Is Reselling Gift Vouchers Legal in India? Understanding the Rules
It is a common scenario: you receive a ₹2,000 gift voucher for a brand you never shop at. It sits in your inbox, inching closer to its expiration date. The logical next thought is often, "Can I just sell this gift card to someone else for cash?"
While turning an unwanted gift voucher into hard cash sounds like a great idea, the landscape of gift card resale in India is complicated by banking regulations, brand policies, and a high risk of fraud. In this guide, we will break down the legality of reselling gift vouchers in India, why brands hate it, and what you should do instead.
The RBI and Prepaid Payment Instruments (PPIs)
To understand the legal standing of gift vouchers in India, you first have to look at how the Reserve Bank of India (RBI) classifies them. Under RBI guidelines, gift cards and e-vouchers are classified as Prepaid Payment Instruments (PPIs).
Most brand-specific gift vouchers are "Closed System PPIs" (valid only at that specific brand) or "Semi-Closed System PPIs" (valid across a specific group of merchants).
Under strict RBI regulations designed to prevent money laundering and financial fraud, unauthorized individuals or unverified third-party platforms cannot operate as commercial exchanges for PPIs. If you are setting up a business to buy and sell gift cards without RBI authorization, you are violating financial regulations.
Brand Terms and Conditions: The "Non-Transferable" Clause
Even if you are just an individual trying to sell a single ₹500 voucher on a social media forum, you are likely violating the brand's Terms of Service.
If you read the fine print on almost any gift voucher from major e-commerce platforms, lifestyle brands, or aggregators, you will find a clause that states:
"This gift voucher is for personal, non-commercial use only. It cannot be exchanged for cash, refunded, or resold."
When you purchase or accept a gift voucher, you agree to these terms. Therefore, reselling the voucher is a direct breach of contract with the issuer.
What Happens If You Get Caught?
While the police aren't going to show up at your door for selling a ₹1,000 coffee shop voucher to your neighbor, the brands themselves have sophisticated tracking mechanisms. If a brand suspects that a gift card has been resold—often flagged by rapid transfers, suspicious IP addresses, or codes being posted on public forums—they have the right to:
- Cancel the Voucher: The brand can instantly void the gift card, leaving the buyer with a useless code.

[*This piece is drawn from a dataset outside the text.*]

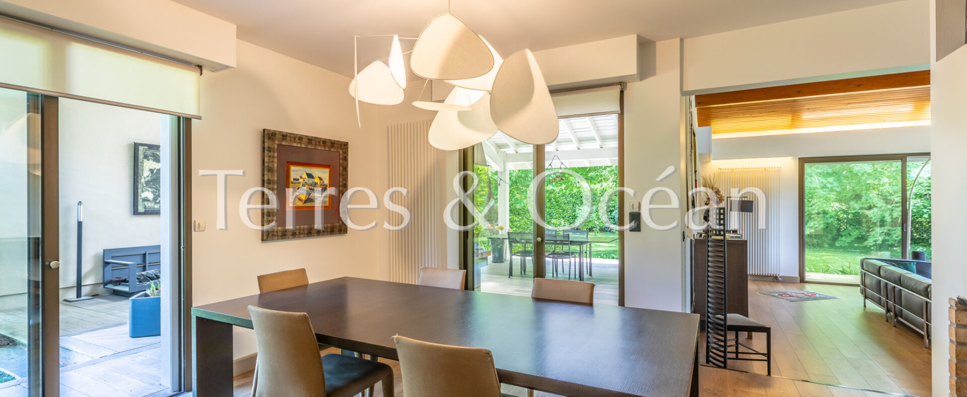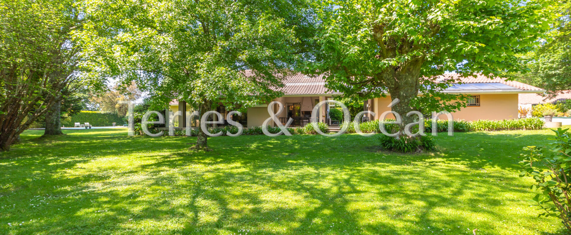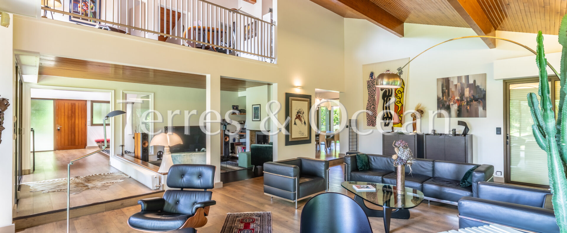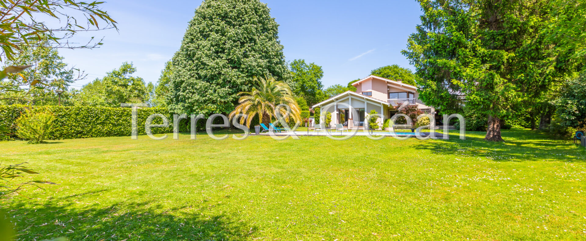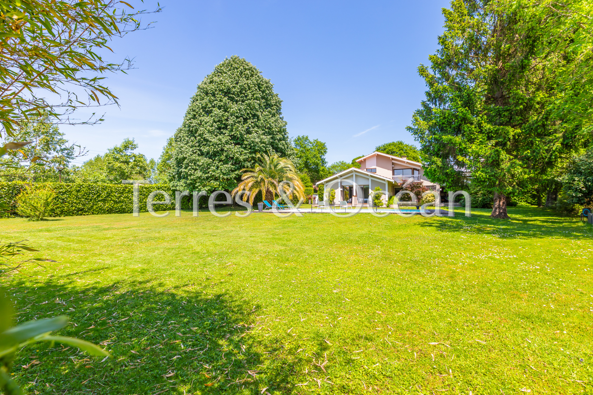 Au calme, proche du centre d’un village, à 12 min d’Hossegor et des plages, villa avec annexe en très bon état d’entretien. Bien exposée sur une parcelle joliment arborée de 3 200 m2, cette maison de construction traditionnelle de 1984 offre de beaux volumes, et une surface habitable de 243 m2, à laquelle s’ajoutent les 57 m2 de la maison d’amis. La maison principale dispose d’un beau séjour avec cheminée, baigné de lumière et largement ouvert sur l’extérieur, d’une cuisine séparée, de cinq chambres plus un bureau. En surfaces annexes, buanderie, cellier, double garage et atelier, grande terrasse partiellement couverte, piscine. Les prestations sont de qualité, chauffage gaz, climatisation, volets roulants électriques, panneaux photo-voltaïques … Ce bien de grande qualité pourra convenir en résidence principale aussi bien que pour une merveilleuse maison de vacances, mais aussi à une profession libérale avec la possibilité d’aménager la dépendance en bureau ou cabinet.

- Ban Your Account: Platforms like Amazon and Flipkart frequently ban the accounts of users caught selling or buying unauthorized gift balances.
- Refuse Refunds: Neither the original buyer nor the new recipient will be entitled to a refund.
The Risks of Peer-to-Peer Reselling
Beyond brand T&Cs, the secondary market for gift cards is notoriously unsafe. There is a massive risk of fraud on platforms like Reddit, Facebook Groups, or unauthorized resale websites.
- For Sellers: You might send the voucher code to a buyer who then reverses the UPI payment or claims the code didn't work.
- For Buyers: You might pay cash for a voucher code that has already been redeemed, or one that was purchased originally with a stolen credit card (which the brand will eventually trace and cancel).
Can You Gift It to a Friend?
Yes! There is a distinct difference between reselling for profit/cash and gifting. Transferring an unredeemed e-gift card to a friend or family member for their birthday or anniversary is perfectly fine. This is the intended use of a gift voucher. The violation only occurs when a commercial transaction (exchanging the voucher for currency) takes place.
The Bottom Line
While there is no specific criminal law that says "selling a personal gift card will send you to jail," engaging in the commercial resale of gift vouchers violates RBI guidelines on PPIs and strictly breaches brand Terms and Conditions. It is highly risky and can result in the loss of your funds and account bans.
If you have an unwanted voucher, your best, safest options are to use it to buy a gift for someone else, or informally trade it with a trusted friend or family member.